08/06/26, Report on The Astra Microwave by Financial Express

So far in this Special Situation Series, we’ve covered demergers that are at the closing stages.

With Triveni Engineering  the scheme was already sanctioned by the NCLT and the two companies were weeks from trading separately. With  Inox Green  the demerger was already effective – we were just waiting for shares to land in demat accounts.

Astra Microwave is different. Here we are standing at the starting line, not the finish.

On 27 February 2026, Astra’s board gave only an in-principle approval to demerge its Space, Meteorology and Hydrology business into a separate listed company. The draft Scheme of Arrangement has not even been tabled yet. The board meets on 10 June 2026 to consider it.

There is no share-exchange ratio, no record date, no listing date. Just intent.

That is unusual for this series, and it cuts both ways. You get to think about the situation before the market has fully priced it, but you also have far less certainty: ratios, financials of the carved-out entity, and timelines are all still to come.

What is being spun out, though, is genuinely interesting.

Astra has been a quiet supplier to ISRO – Indian Space Research Organisation for roughly 25 years. When ISRO built the RISAT – Radar-Imaging Satellite, Astra supplied close to 90% of the electronics that went into it. That two-decade relationship, plus a meteorology and hydrology franchise built around Doppler weather radars for the India Meteorological Department (IMD), is what management now wants to have its own ticker.

And note the direction of the cut. Astra is keeping the larger, more mature yet fast growing defence parent and spinning out the smaller, potentially faster-growing space, Meteorology & Hydrology arm

Astra Microwave Order-book Summary (Standalone).

Source: Astra Microwave Q4FY26 Investor presentation

Here is why the move makes sense, what shareholders should eventually receive, where things actually stand, and whether there is value on the table, with the honest caveat that with this one we’re a little early on the demerger timeline.

Why demergers create value

When a single company houses two very different businesses, the market struggles to value it properly.

One business is large, mature and cash-generative. The other is small, fast-growing and full of potential upside. Investors who want the growth engine do not want to pay a growth multiple on the whole company, and investors who want the steady compounder do not want to underwrite a speculative new venture.

So the market splits the difference and assigns one blended multiple. Whichever business is the more exciting one tends to get under-recognised, buried inside the larger entity’s numbers.

This is the conglomerate discount, and a demerger is the standard tool for removing it. Separated, each entity attracts its own investors and analysts, gets its own dedicated management and capital allocation, and pursues its own strategy. The discount tends to fade.

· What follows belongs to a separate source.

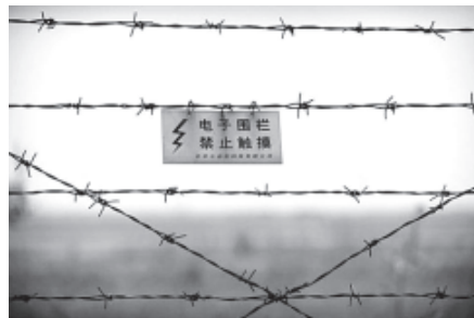
A warning sign is seen on a barbed wire fence dividing China and North Korea on the outskirts Dandong.

The Indian market has produced a steady run of these.

ITC demerged its hotels business in January 2025, a unit that consumed a large share of capital while contributing only a sliver of profit. ITC Hotels listed separately and ITC became a cleaner FMCG play. Reliance demerged from Jio Financial Services  in 2023.  Raymond and Aditya Birla Fashion both split contrasting businesses into separate tickers in 2025.

This series has its own reference point. Triveni Engineering demerged its steam-turbine division into Triveni Turbine back in 2010-11. The spun-off entity eventually grew into a company worth more than the parent that birthed it. That is the dream outcome demerger investors chase: a small, high-quality business, given its own identity, re-rating over time into something far larger.

The mechanism works best when the two businesses have genuinely contrasting profiles – different growth rates, different capital needs, different investor bases.

Astra fits that test cleanly: a large, established high growth defence-electronics business on one side, and a smaller, still high-growth space and meteorology franchise on the other.

One honest difference up front. With Triveni and Inox Green, the parent was arguably under-loved and the demerger is expected to remove the discount.

Astra is not “under-loved”. It already trades at a rich multiple (more on that later). So this is less a deep-value, ‘unlock the discount’ story and more a scarcity-and-clarity story i.e – Let a rare, listed NewSpace pure-play find its own multiple, and let the parent stand as a clean defence-electronics business.

Different mechanics, same destination.

Why the Astra demerger makes sense

First, who Astra is.

Astra Microwave Products designs and manufactures high-value RF and microwave components, sub-systems and complete systems for defence, space, meteorology and communications.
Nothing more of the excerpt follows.